The Kenya – Uganda Railway was built by the Imperial British East Africa company back in the 1890s. Construction of the line began at the Kilindini Harbour in Mombasa in 1895. Around 1900, the line arrived at the present site of the city of Nairobi. Indeed, Nairobi owes its existence to railway engineers who drained a vast swamp, thus enabing the construction of permanent buildings. Indian labourers began commercial activities to cater for railway crews and colonial administrators. The railway arrived at Port Florence (Kisumu) around 1901.
Eventually, the British Government took over the territories of Kenya and Uganda from the Imperial British East Africa Company. In 1920, Kenya became a colony of the Crown under direct administration of the Colonial Office in London.

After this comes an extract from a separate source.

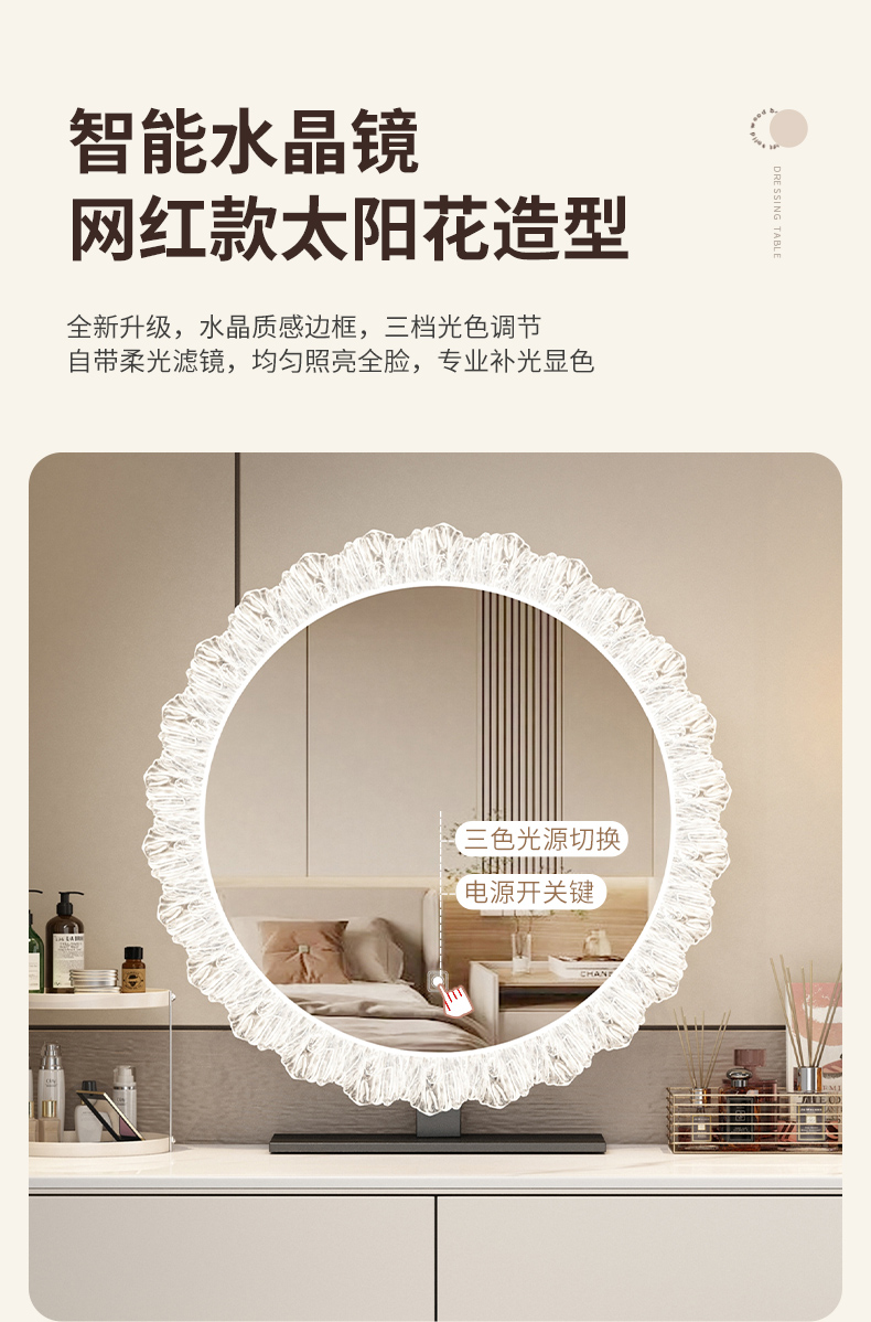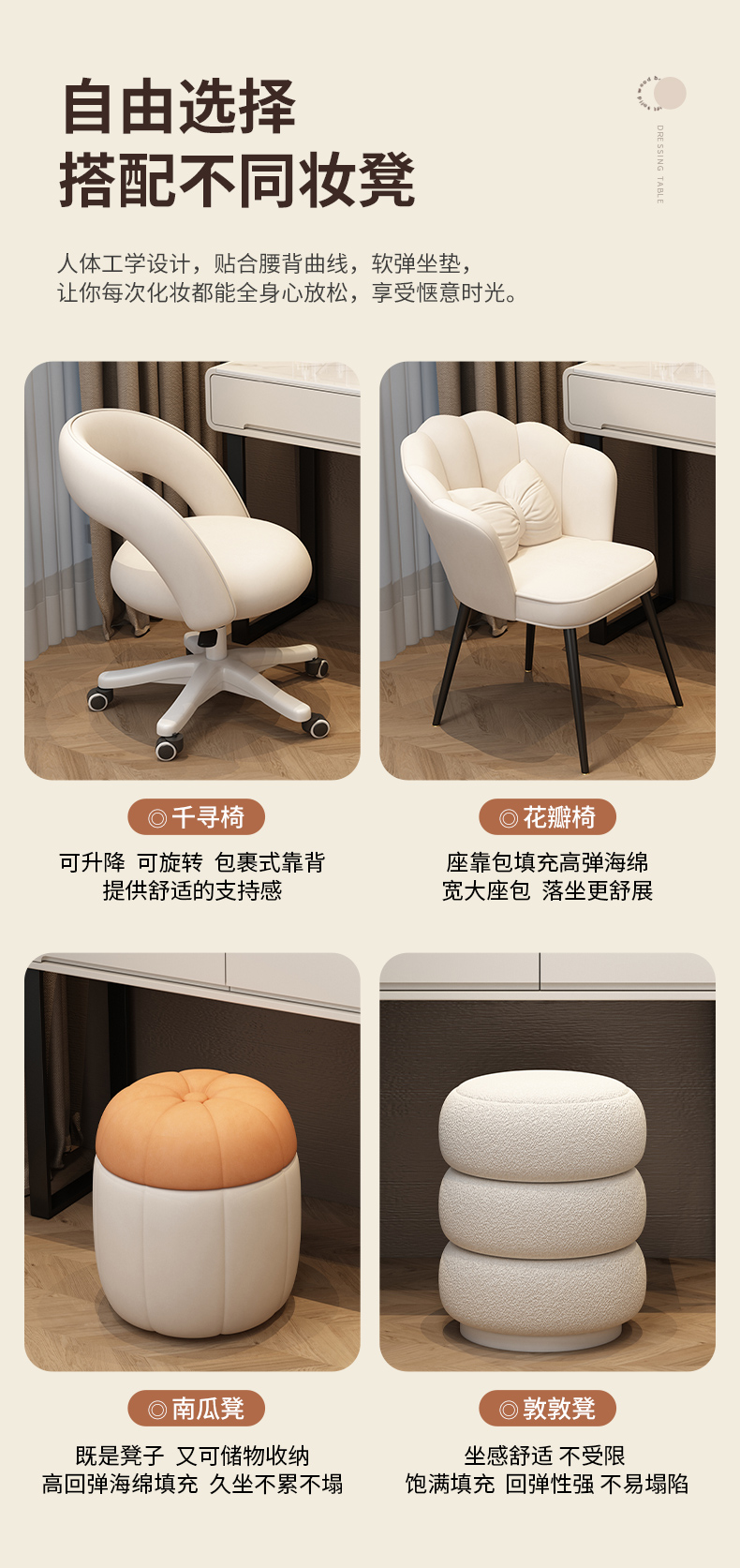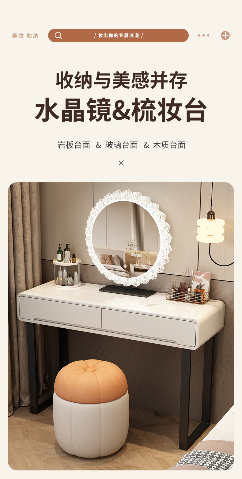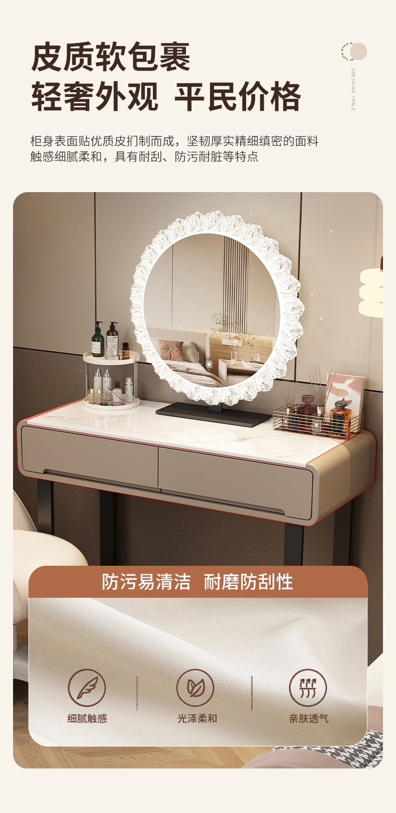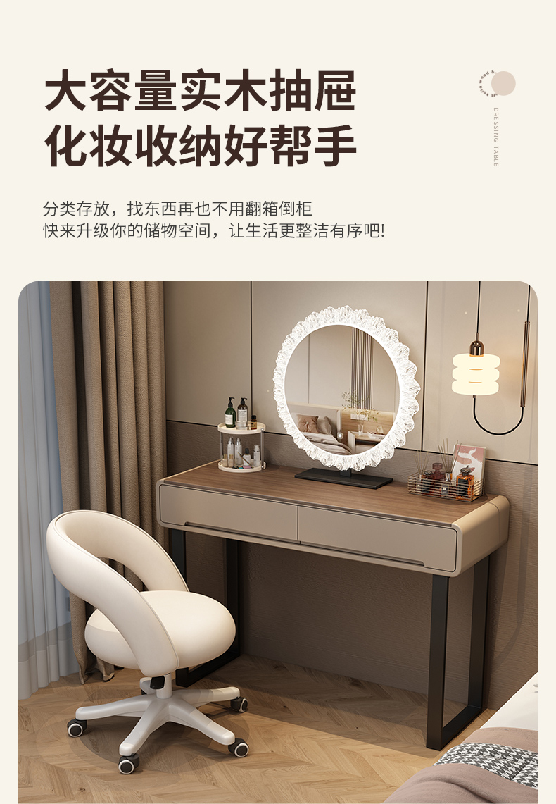 2025 새로운 스타일 드레싱 테이블 침실 현대 간단한 작은 아파트 드레싱 테이블 사이버 인기 라이트 럭셔리 유행 크림 메이크업 테이블

The railway was expanded from Eldoret to Kampala, bypassing the use of ships on Lake Victoria from Kisumu. Additional branch lines were built from Nakuru to Nyahururu, from Nakuru to Rongai and from Konza to Magadi. The invasion of Ethiopia by Italy during World War 2 forced the British to build a railway from Nairobi to Nanyuki in order to supply its forces. British troops forced the Italians out of Ethiopia and restored Emperor Haile Selassie to his throne.
After independence in the early 1960s, railway and port operations in Kenya, Uganda and Tanzania were administered by a single body: the East African Railways and Harbours. The break up of the East African Community in 1977 marked the beginning of the end for the region’s railway system. Each of the three East African countries took up running its own system. In Kenya, railway and port operations were split between two state-owned corporations: Kenya Railways and Kenya Ports Authority. The railway became starved of funds.
In Uganda, civil war between 1979 and 1986 paralyzed railway transport which is yet to recover to this day.